The issue of bonuses paid to some, such as bankers and chief executive officers, has attracted much attention in recent times. The aim of this paper is to examine the details relating to bonuses, both guaranteed and discretionary. Some drafting perspectives with respect to bonuses are also considered with the view of the employer in mind. However, while the main focus of the paper is on bonuses, many issues which are discussed may be equally applicable to other payments such as commissions and severance benefits.

I. Guaranteed bonus

1 It is not uncommon for a contract1 to provide for a guaranteed bonus2 as this helps to attract employees to the job and to retain them. Sometimes, no conditions may be attached to the guaranteed bonus as is often the case with annual wage supplements. However, conditions may sometimes be attached. Such conditions may either be positive in nature, such as stating that a certain sales target must be attained, or negative in nature, such as stating that there must not be any gross misconduct or negligence. Many issues arise in relation to guaranteed bonuses and these are discussed below.

A. Burden of proof

2 Assuming the guaranteed bonus has conditions attached to it, the first question that arises is who has the burden of proving that the stated conditions have or have not been satisfied? In Chew Nam Fong Ronny v Continental Chemical Corp Pte Ltd,3 the plaintiff whose contract was terminated by salary in lieu of notice sued his employer for severance payments allegedly owed to him under his contract of

employment. The contract provided: “Should your employment be terminated by the Company for reasons other than poor performance, gross negligence, gross misconduct or criminal conviction in a Court of Law, you shall be paid severance payment of two times annual salary.” Lai Siu Chiu J held:4

Where, as in this case, there is a provision in the employment contract stipulating severance payment when employment is terminated except for certain reasons, it is in all likelihood the parties' intention that the employer must prove that the termination of employment was for one of those reasons. This is generally due to the fact that in most cases, it is the employer who has the particular knowledge of why the employment was terminated.

This is indeed correct, but on the facts, the plaintiff had also sued for the annual bonus. In this connection, the contract stated that the employee “will participate” in the bonus, but that the amount would depend on the employee's performance. The bonus clause also went on to set out the formula for the bonus. The bulk of the judgment related to severance payments, but after the employer established that there was indeed poor performance, the court concluded:5

It is the prerogative of the plaintiff's employers to set certain performance targets.
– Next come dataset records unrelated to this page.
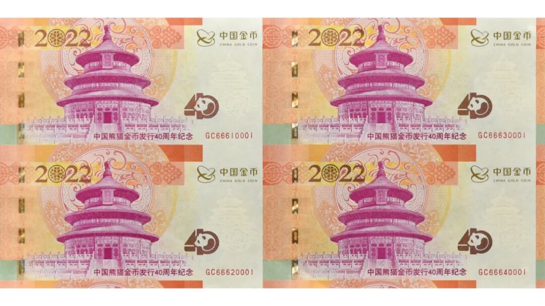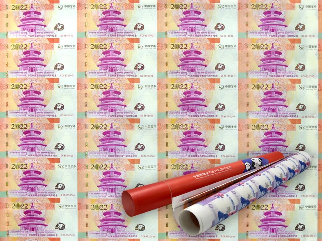 为纪念中国熊猫金币发行40周年,中国金币集团有限公司(原中国金币总公司)与中国印钞造币总公司联合发行“中国熊猫金币发行40周年纪念券”。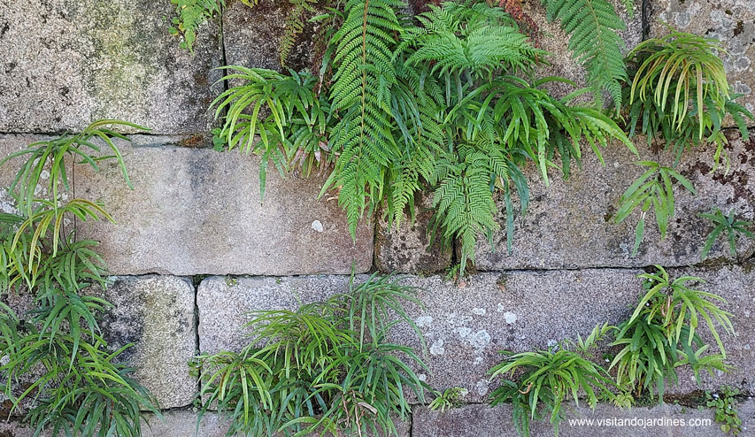 Un sólido muro de grandes bloques de granito, en las grietas del cual nacen esplendidos helechos, delimita el espacio ocupado por el jardín francés y marca el inicio de la pradera y el bosque.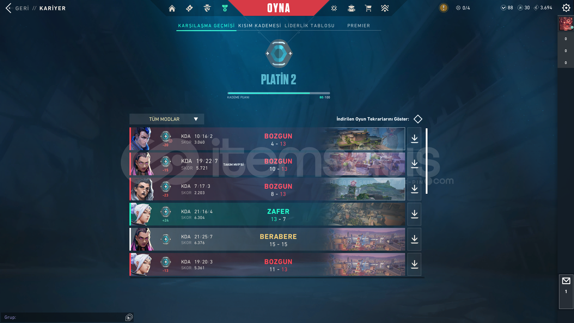 Merhabalar hesap TR sunucudur.Anında teslim edilecektir.Hesap tamamen mailli ve doğrulamalı bir şekilde teslim edilecektir. Bu da demek oluyor ki hesabın hem e-posta kontrolü hem de Riot Games’e ait güvenlik adımları sizin kontrolünüze geçecektir. Satın alma işlemi tamamlandığında sistem bana anlık SMS bildirimi gönderir ve bu sayede hemen siteye bağlanarak sizinle iletişime geçerim. Genellikle birkaç dakika içinde yanıt vererek teslimatı gerçekleştiriyorum. Hesap Özellikleri: E-posta (mail) tamamen alıcıya devredilir Hiçbir üçüncü şahısla paylaşılmamış Şüpheli etkinlik, 3. parti yazılım geçmişi yok Teslimat süresi: Ortalama 5–15 dakika İlanla ilgili aklınıza takılan her konuda bana İtemSatış mesaj sistemi üzerinden ulaşabilirsiniz. Tüm sorularınıza içtenlikle yanıt verecek, güvenle alışveriş yapmanız için elimden geleni yapacağım. Satıcı panelimde yer alan satıcı doğrulama rozetim ve önceki ilanlarımdan aldığım olumlu yorumlar, güvenli ticaret konusunda sizlere referans olabilir. Hesap devrinden sonra ihtiyaç duymanız halinde kısa süreli destek vermeye de hazırım. Oyun içindeki bazı ayarlamalar, e-posta onayları ya da güvenlik adımları hakkında takıldığınız yer olursa yazmanız yeterlidir. Temiz, güvenli ve hızlı teslimat garantili Valorant hesabı satın almak istiyorsanız doğru ilandasınız. Siparişinizi oluşturun, birkaç dakika içinde yeni hesabınıza kavuşun! Bu ilanı satın aldığınızda bilmeniz ve yapmanız gerekenler, • Sizlere hesaba giriş kodunuzu gönderdiğimizde hesaba tamamen erişmiş olacaksınız. • Hesaba girdiğiniz zaman lütfen hesabın e-posta adresini ve şifresini değiştirin ayrıca Sosyal Medya bağlantılarını (Google, Facebook vb.) kesin. • Hesabın biletlerini kontrol edin, açık bilet olursa bize bildirin. • VALORANT üzerinden giriş yaptığınızda hesabın tüm arkadaşlarını silin. • Tüm maddelerin satın alındığı andan itibaren yapılması ve ekran kaydı alınması zorunludur, aksi takdirde geri alma işlemleri sizin yaptığınız düşünülür ve para iadesi yapılmaz. • Satışı yapılan ilan aynı satış yerinde satış yapamaz aksi takdirde destek verilmez. Sorumluluk hesapta son satış yapan kullanıcıya aittir. Unutmayın, hesaplar sizden geri alınabilir. Bu durumda hesabın sizden alındığına dair kanıt göstermek zorundasınız. • Sadece VALORANT Destek sitesindeki Bilet mailleri bizler için kanıt sayılır. Mailde sizden Bilet ile geri alındığına dair bir bilgi var ise paranız iade edilir. Aksi takdirde bu işlemi sizin yaptığınız kabul edilir ve paranız iade edilmez. • Hesap sizden geri alındığında bir üstte yazan madde uygulanmalıdır. Uygulanmadığı takdirde sizden geri alınmış olsa bile para iadesi yapılmaz! • Riot Politikalarına aykırı bir durum tespit edilirse iadeniz gerçekleştirilmez! • Bu ilanı satın aldığınızda tüm açıklamayı okumuş ve kabul etmiş sayılırsınız.

In the absence of a convincing justification, the failure to achieve those targets constitutes poor performance. For these reasons, the second defendant has succeeded in proving that the plaintiff's employment was terminated for poor performance. It follows that the plaintiff was entitled to neither severance payment nor performance bonuses under the contract of employment.
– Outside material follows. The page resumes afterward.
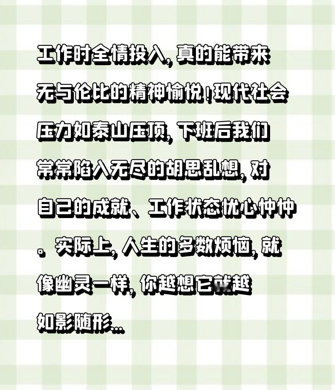 工作时全情投入,真的能带来无与伦比的精神愉悦!现代社会压力如泰山压顶,下班后我们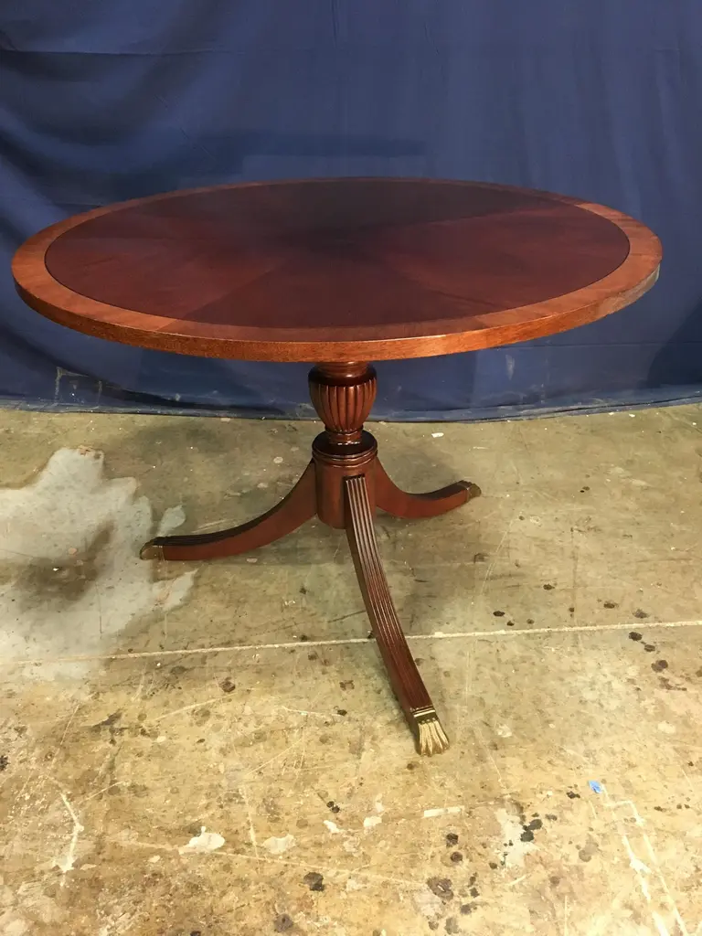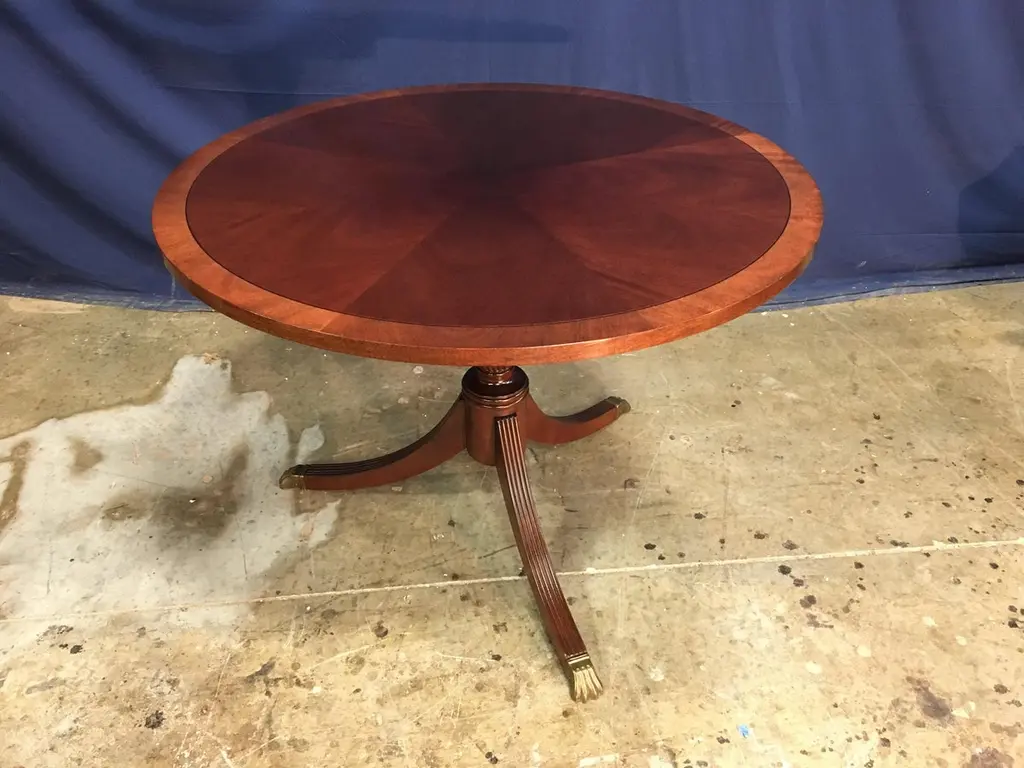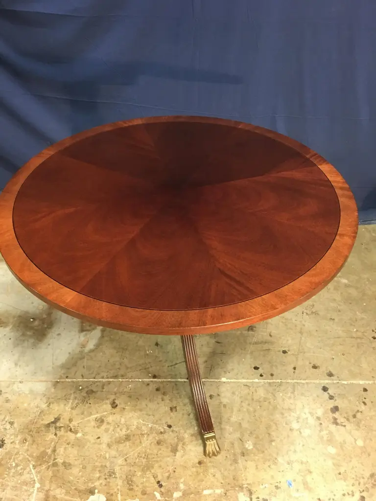This is made-to-order round traditional mahogany accent or foyer table made in the Leighton Hall shop. It features a field of radial cut cathedral mahogany with a contrasting mahogany border. It has a hand rubbed and polished semigloss finish. The pedestal has three fluted legs which terminate with antique brass lions paw feetDimensions: 42 in. diameter, 30 in. high. Optional finishes, pedestals and brass feet available.

It is suggested that since the court had already come to the conclusion that the plaintiff's performance had been poor, the court went on to hold that the plaintiff was not entitled to the bonus. This should not be interpreted to mean that if the contract merely set performance targets to be met, it is for the employer to prove that these have not been met. Going by the court's reasoning highlighted earlier, since this would be something within the knowledge of the employee, and since it is the employee who is bringing the claim, it should be for the employee to prove that the performance criteria set have been met.
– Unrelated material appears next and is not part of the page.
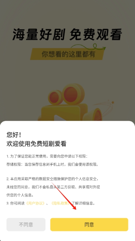 1、在本站轻松下载免费短剧爱看app,打开后同意用户协议即可进入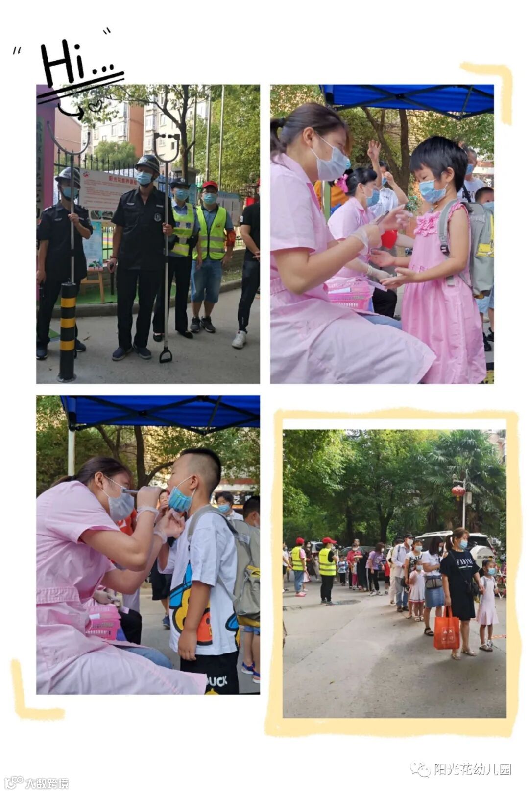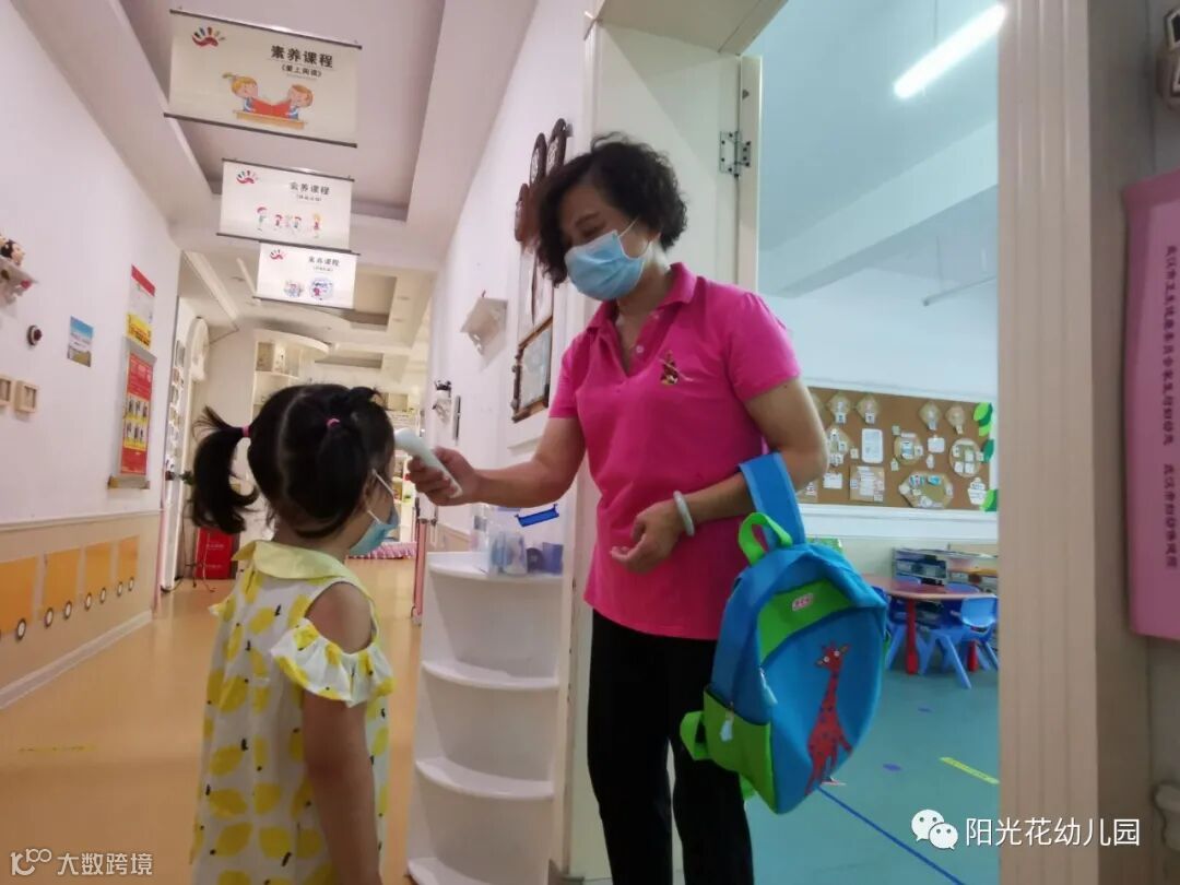 开学我们采取宝贝们分时段入园的方式,佩戴口罩,“入园消毒”、“初次测温”显示体温正常后后,家长们放手让贝宝走向教室,去迎接这充满关爱和温情的小世界。

B. Considering other factors

3 Assuming the guaranteed bonus has certain conditions attached to it, the question might arise whether the employer can then consider other factors not listed. The issue arose for consideration in Clark v Nomura International plc.6 In this case, Clark was a senior proprietary trader in equities and he sued in respect of a bonus. The contract provided that the bonus was dependent on “individual performance”. Appendix A to the contract provided that “individual bonus” was dependent on “corporate contribution, team-working, capital usage and due regard to risk”. The English High Court held that in considering “individual performance”, it was legitimate to take into account the factors listed in Appendix A, though Appendix A was in reference to a different time period and not the time period in question. The court also held that “individual performance” referred to performance of the contract by the individual in question and thus, for instance, if a senior trader was involved, his individual performance must be judged against his contractual obligations as a senior trader. However, the court held that it was not possible to take into account other conditions which did not relate to “individual performance”, such as the company's legitimate business needs and need to delay bonus payments in order to retain employees. In relation to the company's legitimate business needs, if, for instance, the company is not doing well, it may be argued that it could not been envisaged by parties that the company would nonetheless pay a bonus. On the other hand, it may be argued that “precisely because of the uncertainty, it might be that the bank was keen to confer a real incentive to a trader … The point is neutral”.7

4 Thus if specific conditions are attached, these may be viewed as being exhaustive. Therefore, great care must be employed in drafting the conditions. One way out for employers might be to state that the conditions stated are not meant to be exhaustive, though that might make the guaranteed bonus more like a discretionary bonus and that may not be acceptable to high level employees who have some bargaining power.

C. Varying the factors

5 If the employer does have some specific conditions, it would also not be possible to unilaterally vary those conditions, unless the contract has an express clause clearly allowing such variations or unless

some other exception, such as estoppel, applies.8 However, in relation to an express clause allowing a variation, in Bateman v Asda Stores Ltd,9 the UK Employment Appeal Tribunal held that a variation pursuant to a variation clause should be exercised in a way that does not breach the implied term of trust and confidence,10 although the case related to a variation of a salary structure and not a bonus scheme. Similarly, in Riverwood International Australia Pty Ltd v McCormick,11 the Federal Court of Australia stated that “[i]ts power to change its policies, or to introduce new policies, from time to time would be constrained by an implied term that it would act with due regard for the purposes of the contract of employment … so it could not act capriciously”, though again the variation in question did not relate to the payment of a bonus as such.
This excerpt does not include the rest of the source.